Presiding Judge of the Third Judicial Circuit of South Dakota
- Incumbent
- Assumed office January 1, 2013
- Preceded by: David Gienapp

States Attorney of Deuel County
- In office 2002–2012

Personal details
- Born: 1964 (age 61–62) Clear Lake, South Dakota, U.S.
- Alma mater: South Dakota State University (BS) University of South Dakota (JD)

Military service
- Allegiance: United States
- Branch/service: United States Army
- Years of service: 1981-2017
- Rank: Lieutenant Colonel
- Unit: J.A.G. Corps
- Battles/wars: Gulf War

= Gregory J. Stoltenburg =

American judge

Gregory J. Stoltenburg (born 1964) is an American lawyer, veteran, and current presiding judge of the Third Judicial Circuit in South Dakota.

== Early life and education==
Born in Clear Lake, South Dakota, Stoltenburg earned a bachelor's degree in Agricultural Business and Commercial Economics from South Dakota State University in May 1986. In 1981, he joined the South Dakota Army National Guard (SDARNG) and served on active duty in Saudi Arabia during Operation Desert Storm in 1991. He also volunteered for service following Hurricane Katrina in 2005. Stoltenburg attended the University of South Dakota School of Law, graduating with Sterling honors in 1995.

==Career==
Following graduation, he worked as a judicial law clerk for Justice John K. Konenkamp of the South Dakota Supreme Court before returning to his hometown of Clear Lake in 1996 to practice law. Stoltenburg continued his military service in the U.S. Army JAG Corps in 1996 and subsequently attended The JAG School at the University of Virginia.

In addition to his private practice, Stoltenburg was Deuel County Deputy States Attorney from 1996 to 2000 and as the Deuel County States Attorney from 2000 to 2012. Stoltenburg eventually rose to become the Deputy Staff Judge Advocate for the South Dakota Army National Guard. He retired from the JAG Corps with the rank of Lieutenant Colonel in 2017.

==State judicial service==
He was appointed by Governor Dennis Daugaard in October 2012 to replace David Gienapp. Stoltenburg took office after Gienapp's retirement on January 1, 2013. He was re-elected in 2014 for a term that expires in 2022. In April 2015, Stoltenburg was appointed presiding judge of the Third Circuit by Chief Justice David Gilbertson.

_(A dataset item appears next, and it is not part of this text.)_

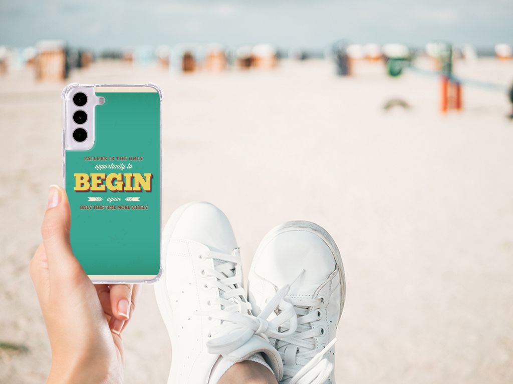 Ben je op zoek naar een uniek telefoonhoesje voor je Samsung Galaxy S22? Dan ben je bij B2C Telecom aan het juiste adres! Speciaal voor jou hebben we dit prachtige Quote Begin design in onze collectie hoesjes opgenomen. Het design wordt bedrukt op een Telefoonhoesje met tekst en is gemaakt van flexibel rubber. Het hoesje is perfect voor de actieve smartphonegebruiker door de opstaande randen/hoeken. Denk aan mensen die veel sporten, reizen of wandelen en net iets meer zekerheid willen als het op hun geliefde telefoon aankomt. Het design wordt alleen aan de bovenkant van het hoesje bedrukt en de randen blijven transparant. Aan de zijkanten zijn uitsparingen gemaakt waardoor je met gemak alle knoppen en poorten kunt bedienen. Wij adviseren om dit hoesje in combinatie met een screenprotector te gebruiken voor een langere levensduur van je telefoon. Wil je dit hoesje nog iets extra's geven? Voeg dan gratis je naam of een quote toe! Is dit design hoesje toch niet helemaal wat je zocht? Ontwerp dan zelf een hoesje in ons ontwerpprogramma.

After being appointed to the circuit bench, Stoltenburg has sat on the South Dakota Supreme Court bench lieu Justice John K. Konenkamp, whom he had clerked for, on a number of cases.

==Personal life==
Stoltenburg is a member of St. Mary's Catholic Church in Clear Lake and is involved in many community organizations and events. He and his wife, Lynn, have five children.